The assumption here is that the composition of landscapes by multiple readers/receivers/designers is conducive to renewing the “welcomingness” of places, insofar as it reconciles the landscaped space with perceived, experienced and imagined spaces, and expresses the sense of relationships between people and places. If urban projects were able to create words – i.e. the vocabulary of an environment, conveys meanings and imaginings – it would be possible for everyone to use these words to design their own landscape and continually enhance it. From these landscapes, each of us could forge our own identity and sense of belonging to the world, to a society, to a human group or to a particular place. It is only in this complex context of individual and collective interpretations and compositions that a space may be invested with meaning, inhabited, projected and imagined.
In this sense, the transformation of the physical image alone of an urban space is not enough to fully take on board its meaning and imaginary or mythical visions. It is therefore the forms of poetic language relating to the landscape in the city that would need to be invented in order to create other, more poetic and metaphysical, human relationships and attitudes to the land. Merleau-Ponty (1945) had already highlighted the existence of a form of porosity of self in relation to the world, through experiences that open the way to sensory information and the language of places. In this way, wanderers may make the landscape appear between themselves and the world, and from it fashion a subjective life on the edge of reality.

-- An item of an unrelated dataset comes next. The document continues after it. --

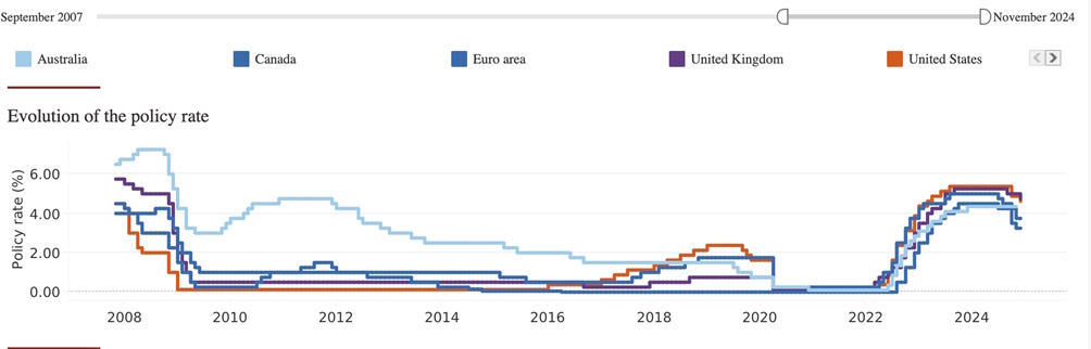 Global inflation and growth remain elusive as we enter 2025. One thing is for certain though, the recession expected by markets at the end of 2023 didn’t materialize in 2024. In fact, economies turned out to be more resilient than expected. Of course, some countries and therefore relevant investments did better than others, but overall, the theme was soft landing, and the central banks of developed countries started dropping their benchmark interest rates in 2024. Below graph shows how the leading central bank monetary policy rates have dropped since 2024 after hitting their peaks similar to those in 2007/2008 right before the Global Financial Crisis.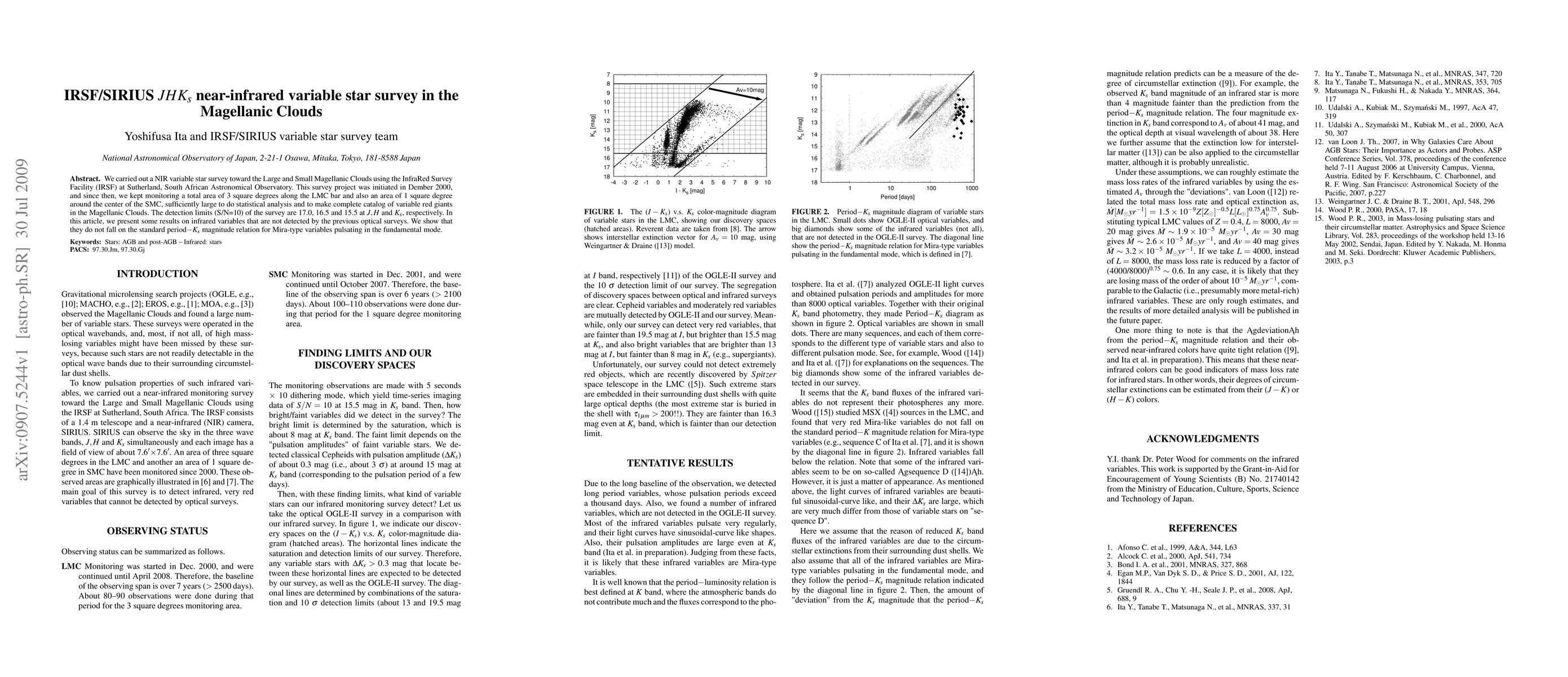 This paper reports on a near-infrared variable star survey in the Large and Small Magellanic Clouds using the IRSF, revealing new infrared variables not detected in previous optical surveys. These variables deviate from the standard period-Ks magnitude relation for fundamental mode Mira-type pulsators.

Space is humanised and “poeticised” by the practices and projections of the imaginings that humans make of it. Uses appear to load the city with symbols and myths of creation, which, in turn, seem to form poetic images able to express, according to Bachelard (1957), human values and the depths of the soul and the infinite cosmos. These values and depths make “another poetic and mythical spatiality” possible (de Certeau 1990). In other words, this language of the landscape first implies a recognition of the uniqueness of places and the people who live there, far from the major theoretical schemes that can be adapted and applied to any type of territory. Furthermore, it calls for artistic approaches that are able to symbolise the meaning of spaces, in the same way that the painters and writers of the Renaissance enabled us to view nature, and the landscape, in its poetic and metaphysical dimension. Finally, the theories and projects that seek to understand what it is in the landscape that produces signs, markers, emotions, imaginings, encounters with others or loneliness on one’s own are still to be explored in greater depth. Kevin Lynch (1998) has already identified elements of this urban language by considering the forms likely to generate the inhabitability of an environment, and which will enable us to take ownership of, and find one’s bearings within, a given space. Thinking about the cityscape in this way could give new life to urban design as a possible means of imagining and experiencing the world.